最后调用 channel-update 脚本做分支的更新：

channelUpdate = pkgs.writeShellApplication {
  name = "channel-update";
  runtimeInputs = with pkgs; [
    jq
    git
    util-linux
  ];
  text = ''
    owner="$1"
    repo="$2"
    branch="$3"
    commit="$4"
    token=$(cat "$CREDENTIALS_DIRECTORY/github-token")

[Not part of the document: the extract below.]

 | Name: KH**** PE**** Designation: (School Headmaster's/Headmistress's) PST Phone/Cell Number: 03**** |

    echo "updating $owner/$repo/$branch to $commit..."

    cd /var/tmp
    mkdir --parents "hydra-channel-update/$owner/$repo"
    cd "hydra-channel-update/$owner/$repo"

    (
      echo "waiting for repository lock..."
      flock 200
      echo "enter critical section"

      if [ ! -d "repo.git" ]; then
        git clone "https://github.com/$owner/$repo.git" --filter=tree:0 --bare repo.git
      fi

      function repo-git {
        git -C repo.git "$@"
      }

      repo-git remote set-url origin "https://-:$token@github.com/$owner/$repo.git"
      repo-git fetch --all
      if repo-git merge-base --is-ancestor "$commit" "$branch"; then
        echo "commit $commit is already in branch $branch, skip."
        exit 0
      fi
      repo-git push origin "$commit:$branch"

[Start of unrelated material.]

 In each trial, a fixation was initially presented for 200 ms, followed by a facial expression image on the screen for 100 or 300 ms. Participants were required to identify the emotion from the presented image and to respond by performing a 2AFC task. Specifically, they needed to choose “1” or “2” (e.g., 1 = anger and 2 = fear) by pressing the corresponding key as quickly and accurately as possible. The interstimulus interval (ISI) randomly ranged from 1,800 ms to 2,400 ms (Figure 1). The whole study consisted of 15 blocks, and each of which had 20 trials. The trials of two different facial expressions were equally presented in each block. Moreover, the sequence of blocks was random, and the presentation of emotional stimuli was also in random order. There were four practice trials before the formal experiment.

      echo "leave critical section"
    ) 200>lock
  '';
};

这个脚本会做这么几件事：

确保 /var/tmp/hydra-channel-update/<owner>/<repo>/repo.git 是目标仓库的 bare clone；
设置 GitHub token 确保 push 权限；
对仓库进行 fetch --all，这里不 fetch 具体分支是因为目标分支可能不存在，懒得写错误处理；
判断 commit 是否已经在分支上了（并且分支存在），如果是就跳过；
否则就把 commit push 到目标分支。

极端条件下，有可能会发生竞态条件，导致部分脚本运行失败，所以用 flock 做了锁，确保同一时间只有一个脚本在操作这个仓库。

Token 通过 systemd 的 LoadCredential 功能提供，并通过 sops-nix 分发到目标主机上：

systemd.services.hydra-notify.serviceConfig.LoadCredential = [
  "github-token:${config.sops.secrets."github_token_nano".path}"
];

⚓ 结语

整件事情还是挺简单的，唯一比较 tricky 的地方是 flake commit 得从 hydra 的数据库中查出来。不过整体来说，复杂度还在 bash 脚本可接受的范围内。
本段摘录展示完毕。